Playing back data transparently, whatever the bit-lenght or sample rate is not a problem. It is the conversion process of said data back to analog where DSPs with their inherent problems are introduced.
Unless you've ment the non-oversampling D to A process, of course.

OK fine I didn't consider the D/A as a DSP, I thought you meant the behind the scenes conversion of everything to 48K that folks complain about. And yes there are NOS DAC's, that I see folks raving about here all the time. I have to assume what comes out is not horrifying.
 
Still looking for a response about doing some hires manipulation ... I've found a "purist" online hires recording of Steinway playing, with tremendous dynamic range, downloaded that and found a very quiet passage, amplified that by 50dB - a very clear piano note, but a lot of electronics hiss, the noise floor of the recording chain is strongly evident. So to do a fair challenge I need an even quieter recording - any offers ... ?
 
Go Richard go! 24 bit today, 32 bit tomorrow! It is the the direction of PROGRESS! I can barely tolerate 16 bit, except for a FEW CD's, perhaps I need better digital playback. I'm sure it would help, but today I again listened to vinyl. I pulled out a 30 year old recording of a direct disc vinyl that used to be a demo record in 1987 at a now defunct hi fi store in Berkeley. Sounded great! Even with a few scratches, the essence is preserved virtually completely.
 
Why 32 bit ?

I was just looking at my "chain". :D
My FLAC/MP3 convertor and soundcard support
16-32 bit , my DSP's are all 32 bit .
Besides my virtual synths (32 bit) all my music is 16bit.
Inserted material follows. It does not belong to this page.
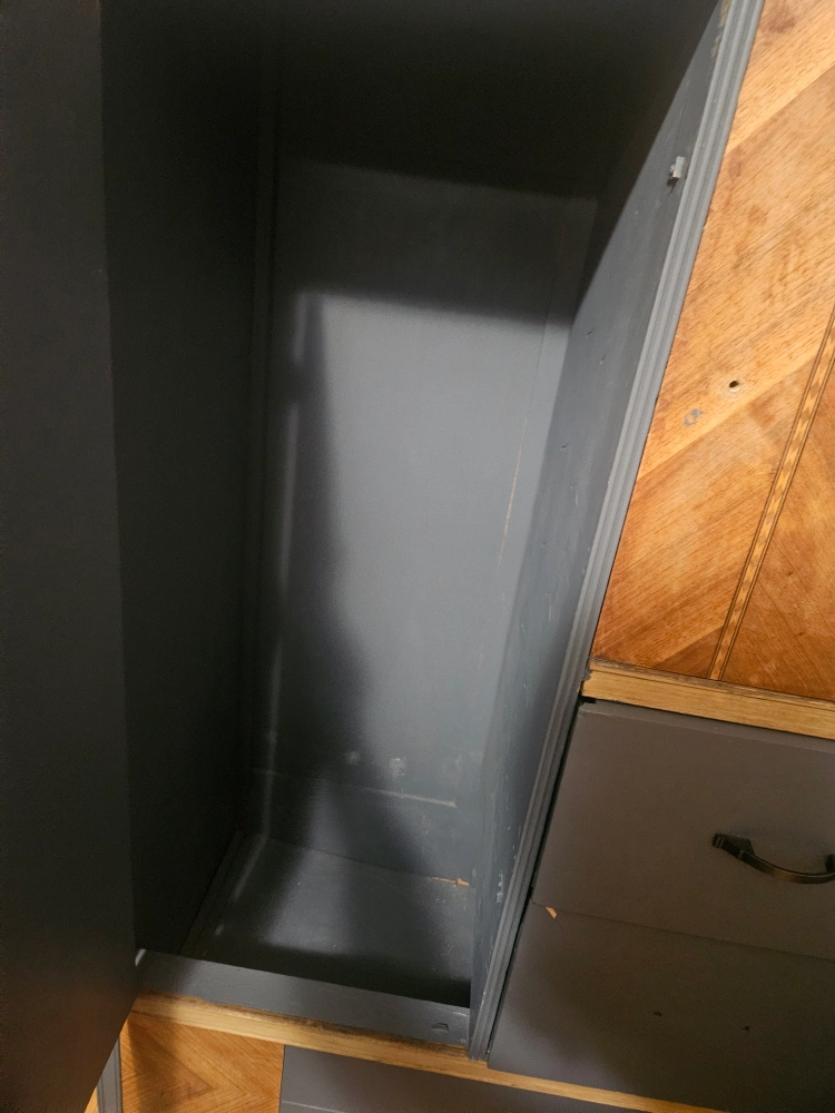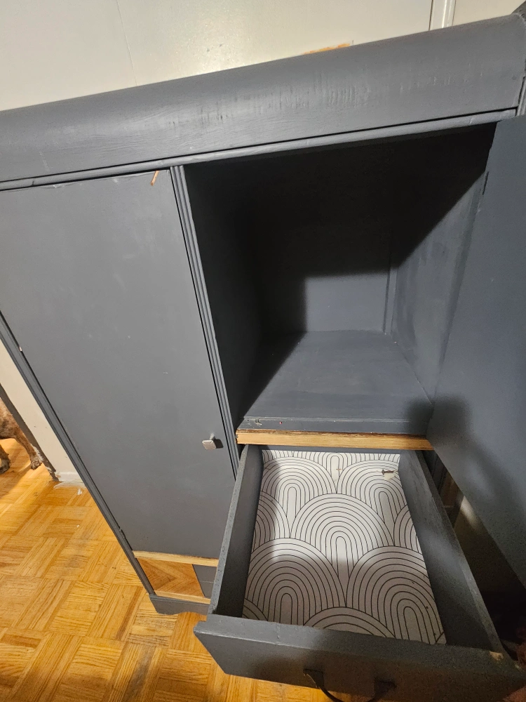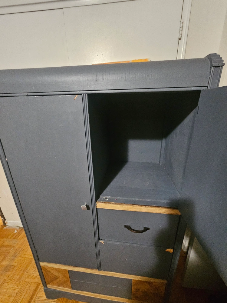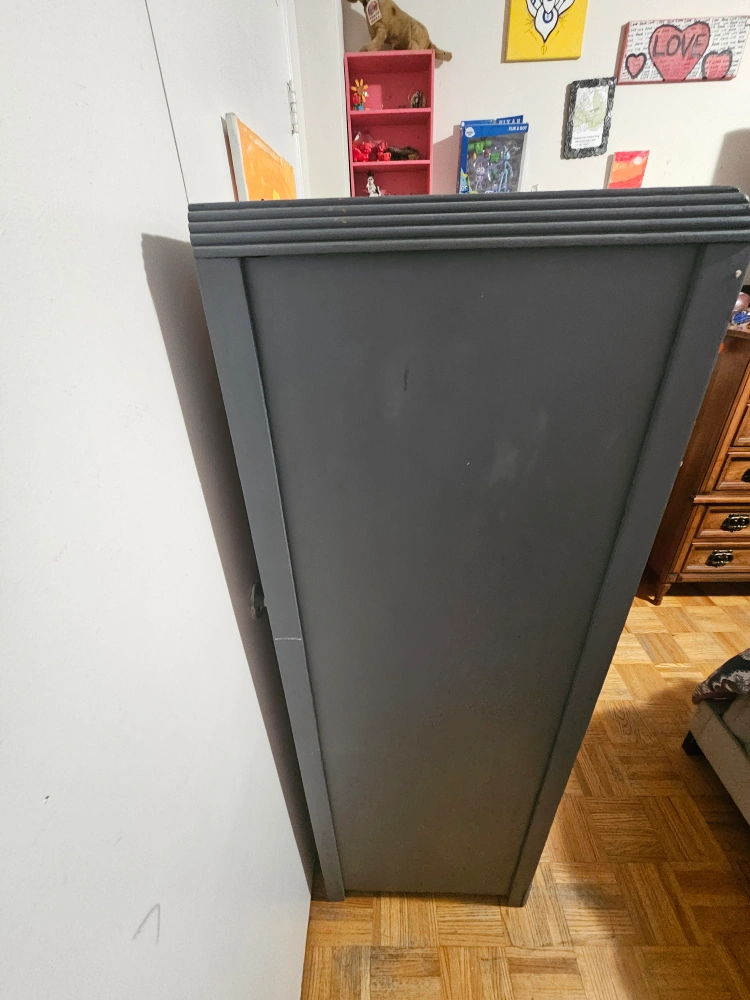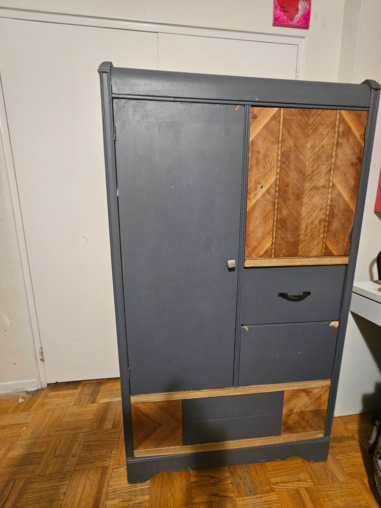 73Selling a grey armoire wardrobe. It has a door on one side with a metal hook to hang clothes and two drawers on the other side. There's also some decorative wood detailing. It has some signs of wear.

If I get any DAC short of an ESS "Sabre" , my sound card is just
going to downsample to 24bit anyways ? (or just run the
16bit flac straight to the dac)

Why would I need 32bit ? 24 can "describe " quite a complex waveform.
My virtual synth is 32bit and can virtualize quite the waveform.
But I think they just standardized with the main stream DSP/VST (32bit)
for software compatibility.

Same goes for 32/64 Win7. Short of my daughter's Maple software ,32bit W7
is the same as W7-64. I DO have 64bit on everything , as everything is new.

So , is this just another "mine is longer" argument ??:D

OS
 
Yes, it is. If one does any serious analysis of things, and plays with waveforms, and listens to them, in waveform editors then it is very obvious that 44.1/16 is perfectly adequate for retaining the information in any sort of reasonable music. But many people, it seems :D, can't make the jump to understanding that their circuitry may do a somewhat rough job of turning that Red Book information into "clean" analogue sound - confusing the two issues is not helping anything ... !!